When the TA was reduced into the Territorial and Army Volunteer Reserve (TAVR) in 1967 the regiment reformed as the Warwickshire Regiment, RA, in TAVR III (Home Defence), absorbing an infantry battalion of the Royal Warwickshire Fusiliers and a squadron of the Royal Corps of Transport (RCT); 48th Divisional/District Provost Company, Royal Military Police, also assisted in its formation. The new unit had the following organisation:
- RHQ – ex 268 (W) Fd Rgt
- P (68 South Midland) Bty – ex 268 (W) Fd Rgt
- Q (Royal Warwickshire Fusiliers) Bty – ex 7th Bn, Royal Warwickshire Fusiliers
- R (Warwickshire Transport) Bty – ex 516 Squadron, 48th Divisional/District Rgt, RCT

The TAVR was further reduced on 1 April 1969, when the regiment became a cadre under 35th (South Midlands) Signal Regiment, Royal Corps of Signals, with some men joining 48 (City of Birmingham) Signal Squadron at Sparkbrook in that regiment. Then on 1 April 1971 the cadre was disbanded to form X Troop in A Queen's Own Warwickshire and Worcestershire Yeomanry Squadron of The Mercian Yeomanry, when the Warwickshire artillery lineage ended.

==Honorary Colonels==
The following served as Honorary Colonel of the unit:
- Sir Hallewell Rogers, former Lord Mayor of Birmingham and later MP for Birmingham Moseley, appointed 10 October 1913.

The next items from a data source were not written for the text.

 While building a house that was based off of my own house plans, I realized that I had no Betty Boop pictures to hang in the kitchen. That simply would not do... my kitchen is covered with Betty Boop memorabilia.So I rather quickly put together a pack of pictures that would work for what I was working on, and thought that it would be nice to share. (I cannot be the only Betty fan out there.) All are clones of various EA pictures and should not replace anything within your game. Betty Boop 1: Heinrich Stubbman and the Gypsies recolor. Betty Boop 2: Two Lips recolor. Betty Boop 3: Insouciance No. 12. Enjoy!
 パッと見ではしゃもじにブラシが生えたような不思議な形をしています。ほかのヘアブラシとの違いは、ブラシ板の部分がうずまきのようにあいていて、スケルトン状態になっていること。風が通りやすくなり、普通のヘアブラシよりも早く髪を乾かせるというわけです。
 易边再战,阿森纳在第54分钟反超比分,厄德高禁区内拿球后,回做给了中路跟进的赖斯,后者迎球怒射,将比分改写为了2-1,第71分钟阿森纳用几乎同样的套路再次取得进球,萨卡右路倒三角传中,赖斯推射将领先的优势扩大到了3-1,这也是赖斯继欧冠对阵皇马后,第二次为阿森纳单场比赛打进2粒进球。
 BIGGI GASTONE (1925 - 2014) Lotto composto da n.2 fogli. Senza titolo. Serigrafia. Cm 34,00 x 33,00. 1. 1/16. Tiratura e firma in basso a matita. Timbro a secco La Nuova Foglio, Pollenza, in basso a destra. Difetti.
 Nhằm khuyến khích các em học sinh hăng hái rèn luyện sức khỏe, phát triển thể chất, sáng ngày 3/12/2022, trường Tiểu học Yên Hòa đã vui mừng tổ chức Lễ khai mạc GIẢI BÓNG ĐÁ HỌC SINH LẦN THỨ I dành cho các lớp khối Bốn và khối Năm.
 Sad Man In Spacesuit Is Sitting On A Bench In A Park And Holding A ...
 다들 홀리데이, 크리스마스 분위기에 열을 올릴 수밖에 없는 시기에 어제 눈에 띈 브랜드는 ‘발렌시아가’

- Col A. Constantine, TD, former commanding officer, appointed 6 July 1929
- Brig-Gen Lord Henry Seymour, DSO and Bar, appointed 3 November 1934, died 8 June 1939.

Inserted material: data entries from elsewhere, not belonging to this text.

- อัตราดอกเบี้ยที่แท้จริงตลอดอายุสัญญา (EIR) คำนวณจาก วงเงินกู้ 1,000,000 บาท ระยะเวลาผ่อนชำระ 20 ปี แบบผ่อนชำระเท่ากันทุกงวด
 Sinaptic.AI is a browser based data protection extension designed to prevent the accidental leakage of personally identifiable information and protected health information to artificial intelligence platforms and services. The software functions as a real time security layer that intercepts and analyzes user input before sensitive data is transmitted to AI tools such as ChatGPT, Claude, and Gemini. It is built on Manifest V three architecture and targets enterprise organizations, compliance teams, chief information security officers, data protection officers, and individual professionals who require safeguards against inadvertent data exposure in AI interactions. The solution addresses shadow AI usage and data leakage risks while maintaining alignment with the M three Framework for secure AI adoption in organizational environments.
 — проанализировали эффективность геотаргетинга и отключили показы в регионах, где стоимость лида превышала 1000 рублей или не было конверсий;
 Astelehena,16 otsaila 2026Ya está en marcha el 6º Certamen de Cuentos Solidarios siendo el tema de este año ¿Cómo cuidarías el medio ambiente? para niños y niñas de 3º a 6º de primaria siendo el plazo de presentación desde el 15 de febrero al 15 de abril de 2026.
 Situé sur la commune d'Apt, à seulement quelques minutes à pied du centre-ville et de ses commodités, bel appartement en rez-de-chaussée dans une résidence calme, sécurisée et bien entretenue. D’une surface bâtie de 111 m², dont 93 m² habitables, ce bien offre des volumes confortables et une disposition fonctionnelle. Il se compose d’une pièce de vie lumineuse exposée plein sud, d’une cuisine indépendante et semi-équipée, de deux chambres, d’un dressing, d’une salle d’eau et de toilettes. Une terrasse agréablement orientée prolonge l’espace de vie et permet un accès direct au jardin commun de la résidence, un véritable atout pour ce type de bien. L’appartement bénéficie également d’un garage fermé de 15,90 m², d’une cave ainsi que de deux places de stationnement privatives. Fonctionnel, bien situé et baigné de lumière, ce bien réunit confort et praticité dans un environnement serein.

- Col Frank Allday, OBE, TD, appointed 1 April 1967

==Memorials==
Memorials to the men of III South Midland Brigade who died during the First World War and those of 68th (South Midland) Field Regiment who died in France and Belgium, Iraq and the Middle East, and in Italy during the Second World War, were erected at the Drill Hall at Stoney Lane. They were repositioned in the new Montgomery House Army Reserve Centre that replaced it in 1988.